● **Work required**
Retype, word for word, every line from the one holding "Христос изгоняет торгующих" through the one holding "حملة الأسنان في قنات قضاء بشري" in the entries below, both included, and only those lines.

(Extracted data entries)
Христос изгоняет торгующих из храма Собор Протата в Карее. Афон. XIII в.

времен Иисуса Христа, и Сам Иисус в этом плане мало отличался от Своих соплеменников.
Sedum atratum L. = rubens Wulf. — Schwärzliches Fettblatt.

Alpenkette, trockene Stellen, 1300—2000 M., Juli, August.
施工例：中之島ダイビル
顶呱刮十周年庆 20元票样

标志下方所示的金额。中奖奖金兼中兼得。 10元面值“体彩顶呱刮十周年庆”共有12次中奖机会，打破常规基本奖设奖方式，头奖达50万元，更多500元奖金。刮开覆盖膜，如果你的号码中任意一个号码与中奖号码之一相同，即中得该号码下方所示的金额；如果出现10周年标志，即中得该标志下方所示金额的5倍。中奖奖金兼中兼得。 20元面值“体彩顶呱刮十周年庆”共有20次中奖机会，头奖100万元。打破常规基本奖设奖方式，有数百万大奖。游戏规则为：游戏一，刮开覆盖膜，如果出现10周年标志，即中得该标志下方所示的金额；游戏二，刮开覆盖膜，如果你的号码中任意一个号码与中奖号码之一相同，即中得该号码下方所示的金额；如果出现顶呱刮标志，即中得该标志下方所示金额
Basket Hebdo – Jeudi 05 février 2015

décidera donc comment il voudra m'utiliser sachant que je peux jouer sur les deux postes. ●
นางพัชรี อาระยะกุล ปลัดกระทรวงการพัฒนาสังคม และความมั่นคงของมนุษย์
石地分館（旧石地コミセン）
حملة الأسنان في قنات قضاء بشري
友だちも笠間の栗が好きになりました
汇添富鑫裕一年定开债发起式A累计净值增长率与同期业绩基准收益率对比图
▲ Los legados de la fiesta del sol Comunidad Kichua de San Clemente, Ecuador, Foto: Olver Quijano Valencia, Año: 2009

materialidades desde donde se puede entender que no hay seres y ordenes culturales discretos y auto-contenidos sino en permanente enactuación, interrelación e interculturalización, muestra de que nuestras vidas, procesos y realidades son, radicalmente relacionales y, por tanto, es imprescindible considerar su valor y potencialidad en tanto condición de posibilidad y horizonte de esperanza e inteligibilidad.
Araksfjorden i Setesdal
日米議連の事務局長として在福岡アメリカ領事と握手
* * *
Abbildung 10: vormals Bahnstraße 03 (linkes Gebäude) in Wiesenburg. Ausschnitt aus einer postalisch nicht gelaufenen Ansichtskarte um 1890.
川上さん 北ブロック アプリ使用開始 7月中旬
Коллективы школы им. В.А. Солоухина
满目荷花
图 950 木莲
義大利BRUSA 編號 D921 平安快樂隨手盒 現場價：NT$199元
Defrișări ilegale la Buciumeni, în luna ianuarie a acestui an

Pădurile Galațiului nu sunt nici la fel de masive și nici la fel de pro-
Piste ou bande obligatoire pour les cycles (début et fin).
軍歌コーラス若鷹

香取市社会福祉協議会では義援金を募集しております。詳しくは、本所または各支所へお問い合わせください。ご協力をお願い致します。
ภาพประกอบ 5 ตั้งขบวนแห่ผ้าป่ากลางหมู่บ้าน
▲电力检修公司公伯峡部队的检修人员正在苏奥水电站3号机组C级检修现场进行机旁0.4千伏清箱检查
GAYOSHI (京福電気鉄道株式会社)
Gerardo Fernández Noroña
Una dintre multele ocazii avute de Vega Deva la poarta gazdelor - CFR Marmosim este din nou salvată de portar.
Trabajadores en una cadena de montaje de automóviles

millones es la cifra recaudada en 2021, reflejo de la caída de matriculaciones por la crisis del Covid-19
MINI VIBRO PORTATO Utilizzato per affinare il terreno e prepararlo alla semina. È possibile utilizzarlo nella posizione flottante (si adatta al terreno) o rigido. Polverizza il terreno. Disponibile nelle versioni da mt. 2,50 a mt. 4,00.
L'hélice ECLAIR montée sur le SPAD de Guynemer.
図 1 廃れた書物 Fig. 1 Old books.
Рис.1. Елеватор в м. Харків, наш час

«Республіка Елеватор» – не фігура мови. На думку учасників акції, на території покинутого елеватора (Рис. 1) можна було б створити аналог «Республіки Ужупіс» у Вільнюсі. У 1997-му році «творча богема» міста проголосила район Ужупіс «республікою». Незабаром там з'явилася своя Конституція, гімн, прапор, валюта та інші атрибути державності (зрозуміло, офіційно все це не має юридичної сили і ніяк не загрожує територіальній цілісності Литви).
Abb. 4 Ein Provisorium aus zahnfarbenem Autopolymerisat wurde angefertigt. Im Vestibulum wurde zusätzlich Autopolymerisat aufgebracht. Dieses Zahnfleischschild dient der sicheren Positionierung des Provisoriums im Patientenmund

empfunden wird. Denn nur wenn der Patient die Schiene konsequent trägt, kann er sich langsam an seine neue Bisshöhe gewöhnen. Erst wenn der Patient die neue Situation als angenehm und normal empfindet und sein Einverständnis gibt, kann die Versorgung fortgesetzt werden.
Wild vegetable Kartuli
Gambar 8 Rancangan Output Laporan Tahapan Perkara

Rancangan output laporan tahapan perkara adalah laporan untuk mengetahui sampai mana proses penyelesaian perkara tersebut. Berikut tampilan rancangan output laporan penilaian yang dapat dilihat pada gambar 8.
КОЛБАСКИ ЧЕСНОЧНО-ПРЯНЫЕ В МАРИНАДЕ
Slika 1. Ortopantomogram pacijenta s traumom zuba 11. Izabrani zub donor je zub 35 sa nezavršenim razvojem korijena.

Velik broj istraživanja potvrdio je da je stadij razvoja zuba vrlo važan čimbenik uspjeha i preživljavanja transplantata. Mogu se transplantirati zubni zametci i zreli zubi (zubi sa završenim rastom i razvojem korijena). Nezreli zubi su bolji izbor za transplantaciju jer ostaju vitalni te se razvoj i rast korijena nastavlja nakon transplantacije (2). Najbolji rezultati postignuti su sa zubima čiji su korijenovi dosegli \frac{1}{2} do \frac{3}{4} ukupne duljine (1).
---
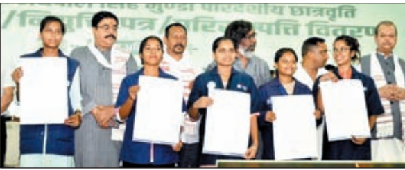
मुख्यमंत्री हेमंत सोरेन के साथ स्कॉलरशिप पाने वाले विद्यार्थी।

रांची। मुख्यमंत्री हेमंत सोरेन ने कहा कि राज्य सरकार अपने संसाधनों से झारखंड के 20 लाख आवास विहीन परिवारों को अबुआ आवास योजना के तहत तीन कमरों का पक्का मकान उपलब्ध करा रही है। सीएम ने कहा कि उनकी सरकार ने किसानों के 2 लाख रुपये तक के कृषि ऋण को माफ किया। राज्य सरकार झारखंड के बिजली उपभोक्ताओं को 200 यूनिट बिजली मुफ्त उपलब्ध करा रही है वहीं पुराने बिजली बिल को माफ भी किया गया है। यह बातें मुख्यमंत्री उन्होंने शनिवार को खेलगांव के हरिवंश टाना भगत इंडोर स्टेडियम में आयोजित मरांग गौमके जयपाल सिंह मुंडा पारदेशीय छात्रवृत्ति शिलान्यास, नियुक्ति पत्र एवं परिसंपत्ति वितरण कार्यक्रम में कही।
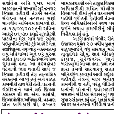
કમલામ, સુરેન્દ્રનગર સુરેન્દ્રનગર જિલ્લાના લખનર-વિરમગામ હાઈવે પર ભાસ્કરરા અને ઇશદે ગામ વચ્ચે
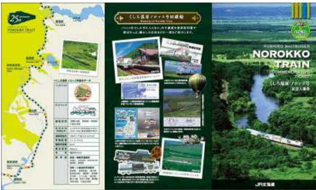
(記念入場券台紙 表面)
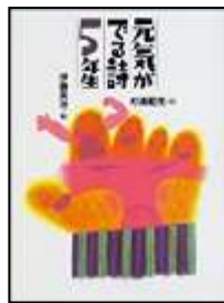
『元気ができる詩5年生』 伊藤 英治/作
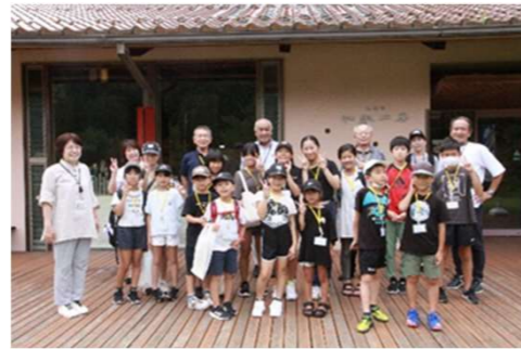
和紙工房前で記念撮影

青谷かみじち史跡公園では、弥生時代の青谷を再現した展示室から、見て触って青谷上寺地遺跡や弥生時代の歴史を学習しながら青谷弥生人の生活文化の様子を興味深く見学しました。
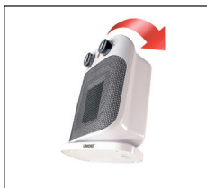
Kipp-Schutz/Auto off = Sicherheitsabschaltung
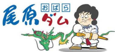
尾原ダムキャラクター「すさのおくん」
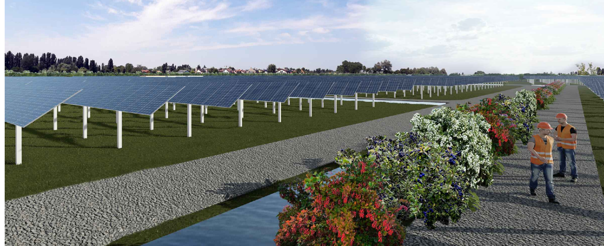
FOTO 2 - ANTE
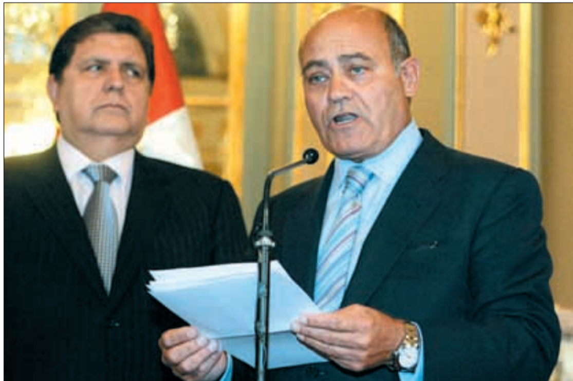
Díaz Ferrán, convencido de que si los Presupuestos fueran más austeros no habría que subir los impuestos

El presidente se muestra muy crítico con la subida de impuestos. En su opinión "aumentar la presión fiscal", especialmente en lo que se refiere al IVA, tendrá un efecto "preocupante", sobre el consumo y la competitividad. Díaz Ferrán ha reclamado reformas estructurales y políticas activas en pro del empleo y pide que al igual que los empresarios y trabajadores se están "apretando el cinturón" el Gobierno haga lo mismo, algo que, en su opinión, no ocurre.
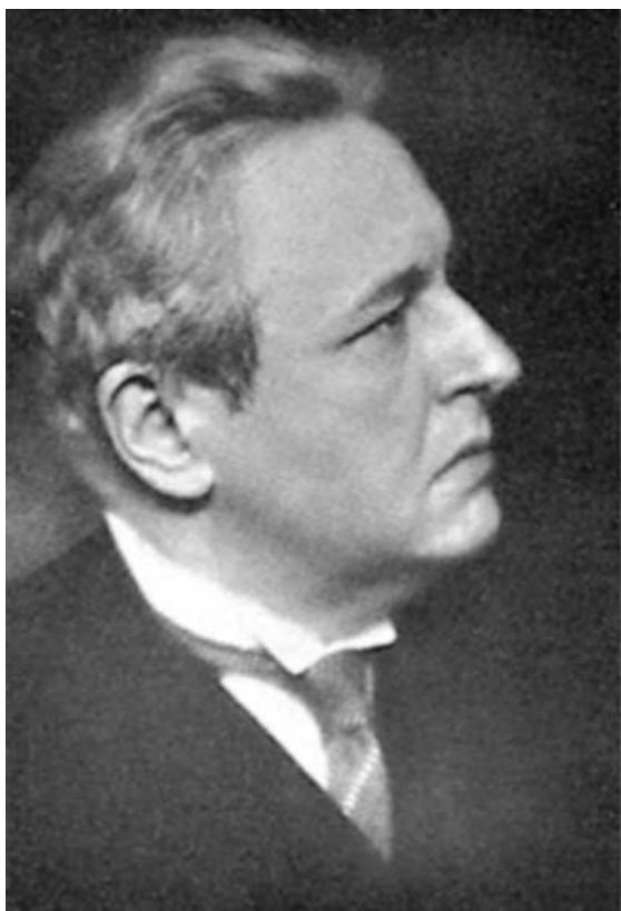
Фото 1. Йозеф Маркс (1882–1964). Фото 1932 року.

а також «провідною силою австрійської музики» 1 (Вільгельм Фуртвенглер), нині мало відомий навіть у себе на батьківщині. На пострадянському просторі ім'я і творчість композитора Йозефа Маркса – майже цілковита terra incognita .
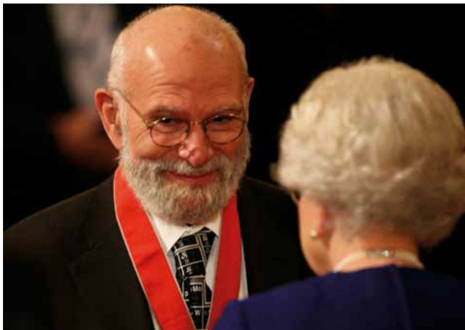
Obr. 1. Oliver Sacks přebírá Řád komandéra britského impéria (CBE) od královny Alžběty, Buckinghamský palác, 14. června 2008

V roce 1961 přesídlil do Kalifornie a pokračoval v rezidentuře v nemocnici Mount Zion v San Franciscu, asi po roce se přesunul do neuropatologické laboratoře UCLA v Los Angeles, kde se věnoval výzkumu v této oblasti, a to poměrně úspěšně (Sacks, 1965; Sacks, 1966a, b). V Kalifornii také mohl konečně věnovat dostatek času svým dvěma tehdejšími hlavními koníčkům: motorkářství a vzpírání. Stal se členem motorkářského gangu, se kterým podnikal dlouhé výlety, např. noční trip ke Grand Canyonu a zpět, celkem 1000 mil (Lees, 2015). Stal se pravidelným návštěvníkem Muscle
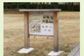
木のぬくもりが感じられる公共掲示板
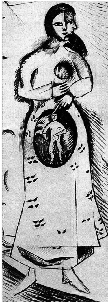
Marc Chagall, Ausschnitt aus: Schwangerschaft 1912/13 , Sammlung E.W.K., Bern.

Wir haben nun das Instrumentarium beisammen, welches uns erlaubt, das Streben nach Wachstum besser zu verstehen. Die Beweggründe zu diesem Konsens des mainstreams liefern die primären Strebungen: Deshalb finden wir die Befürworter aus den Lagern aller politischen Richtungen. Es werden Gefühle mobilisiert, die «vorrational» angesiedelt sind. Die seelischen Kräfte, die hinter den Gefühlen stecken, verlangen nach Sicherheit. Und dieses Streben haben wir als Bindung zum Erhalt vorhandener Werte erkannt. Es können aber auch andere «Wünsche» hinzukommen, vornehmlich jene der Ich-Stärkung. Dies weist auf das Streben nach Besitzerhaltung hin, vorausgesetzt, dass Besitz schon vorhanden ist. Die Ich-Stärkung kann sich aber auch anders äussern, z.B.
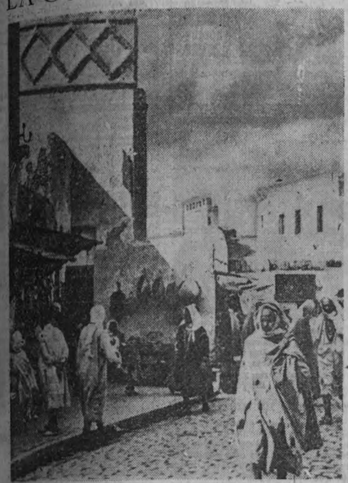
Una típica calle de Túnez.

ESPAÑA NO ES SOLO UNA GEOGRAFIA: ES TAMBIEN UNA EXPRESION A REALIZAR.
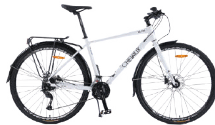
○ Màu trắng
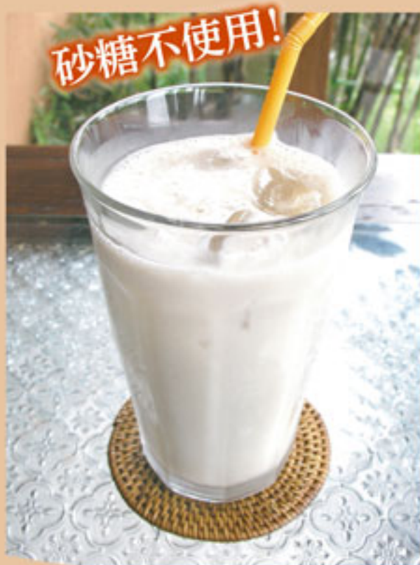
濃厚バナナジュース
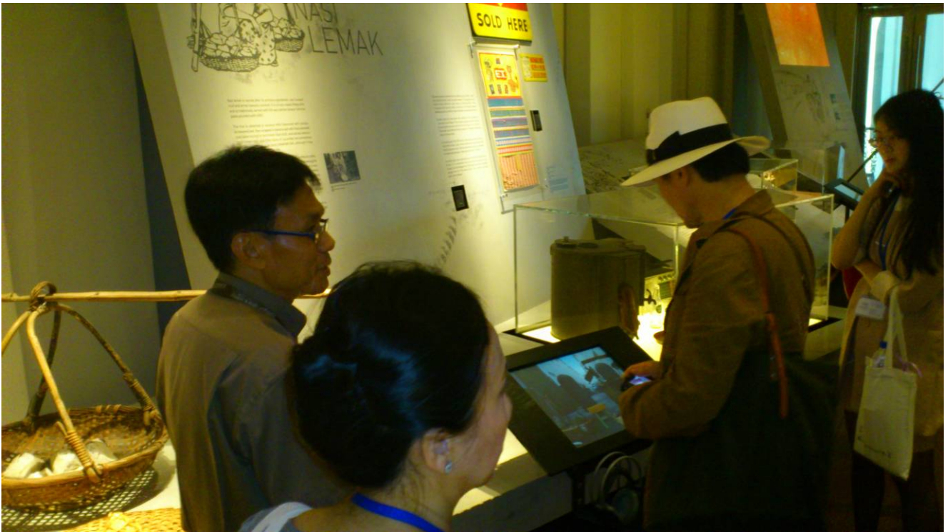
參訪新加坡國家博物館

● **Your response**
Христос изгоняет торгующих из храма Собор Протата в Карее. Афон. XIII в.

времен Иисуса Христа, и Сам Иисус в этом плане мало отличался от Своих соплеменников.
Sedum atratum L. = rubens Wulf. — Schwärzliches Fettblatt.

Alpenkette, trockene Stellen, 1300—2000 M., Juli, August.
施工例：中之島ダイビル
顶呱刮十周年庆 20元票样

标志下方所示的金额。中奖奖金兼中兼得。 10元面值“体彩顶呱刮十周年庆”共有12次中奖机会，打破常规基本奖设奖方式，头奖达50万元，更多500元奖金。刮开覆盖膜，如果你的号码中任意一个号码与中奖号码之一相同，即中得该号码下方所示的金额；如果出现10周年标志，即中得该标志下方所示金额的5倍。中奖奖金兼中兼得。 20元面值“体彩顶呱刮十周年庆”共有20次中奖机会，头奖100万元。打破常规基本奖设奖方式，有数百万大奖。游戏规则为：游戏一，刮开覆盖膜，如果出现10周年标志，即中得该标志下方所示的金额；游戏二，刮开覆盖膜，如果你的号码中任意一个号码与中奖号码之一相同，即中得该号码下方所示的金额；如果出现顶呱刮标志，即中得该标志下方所示金额
Basket Hebdo – Jeudi 05 février 2015

décidera donc comment il voudra m'utiliser sachant que je peux jouer sur les deux postes. ●
นางพัชรี อาระยะกุล ปลัดกระทรวงการพัฒนาสังคม และความมั่นคงของมนุษย์
石地分館（旧石地コミセン）
حملة الأسنان في قنات قضاء بشري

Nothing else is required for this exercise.